Vuyani Bungu

Personal information
- Nicknames: The Beast; Carousel Kid;
- Nationality: South African
- Born: 26 February 1967 (age 59) Mdantsane, Eastern Cape, South Africa
- Height: 1.66 m (5 ft 5 in)
- Weight: Super-bantamweight; Featherweight;

Boxing career
- Reach: 168 cm (66 in)
- Stance: Orthodox

Boxing record
- Total fights: 44
- Wins: 39
- Win by KO: 19
- Losses: 5

= Vuyani Bungu =

South African boxer

Vuyani Bungu (born 26 February 1967) is a South African former professional boxer who competed from 1987 to 2005. He held the IBF junior-featherweight title from 1994 to 1999, and the IBO featherweight title from 2004 to 2005.

==Professional career==
Bungu turned pro in 1987 and in 1994 captured the International Boxing Federation Super Bantamweight Title with a shocking upset victory over Kennedy McKinney, a fight named 1994 Ring Magazine Upset of the Year.
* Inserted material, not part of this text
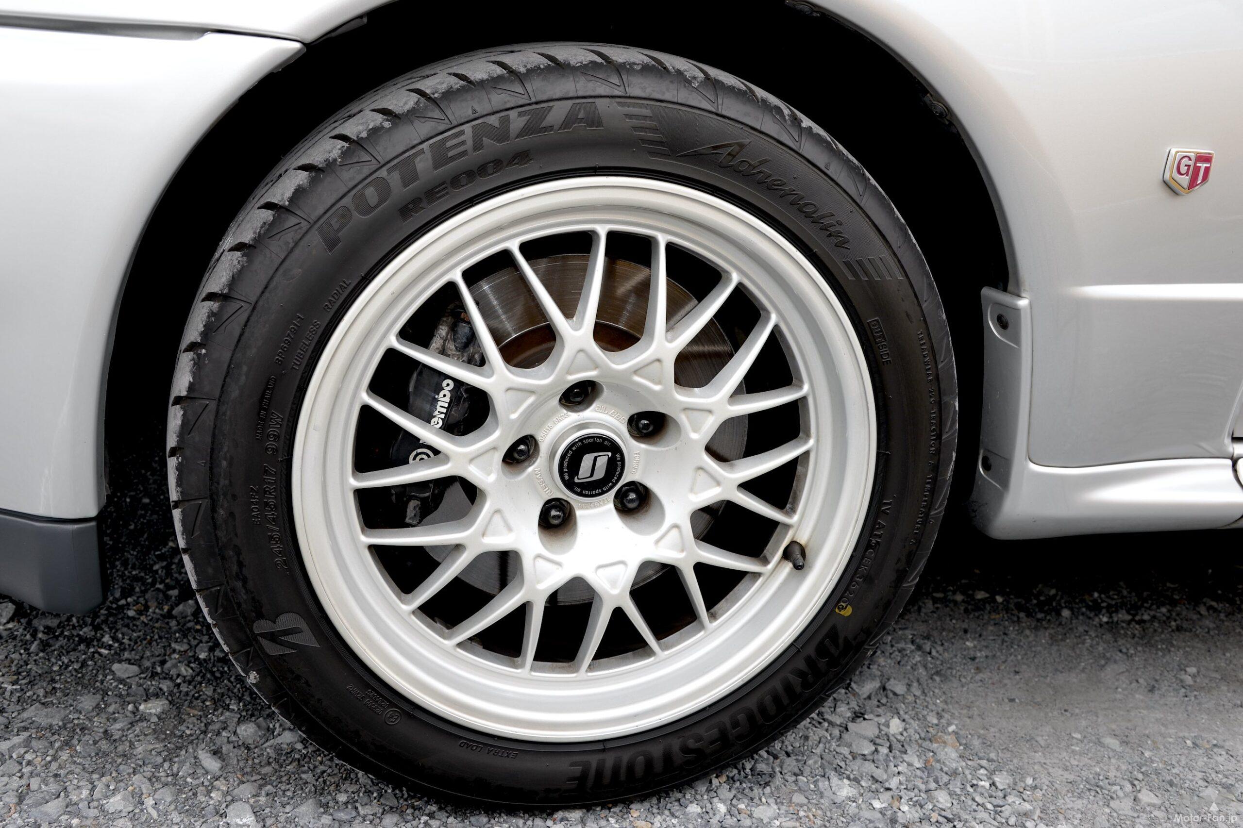 販売もレースも絶好調だったスカイラインGT-Rには年々改良が続けられ、’93年のマイナーチェンジではブレーキ径の大型化となるブレンボ製キャリパー+ディスクローターを装備しつつ、17インチBBSホイールを採用する上級グレードとしてVスペックが追加されている。さらに翌年、Vスペックのタイヤサイズを拡大して225/50R17から245/45R17へとしたVスペックⅡが発売された。

After the victory, Bungu defended the title an impressive 13 times before relinquishing the belt in 2000 to move up to featherweight to take on Naseem Hamed. Hamed defeated the super bantamweight former champion, TKO'ing Bungu in the 4th round. In 2002, he was beaten by Lehlohonolo Ledwaba and retired in 2005 after losing to Thomas Mashaba. He compiled a career record of 39–5–0.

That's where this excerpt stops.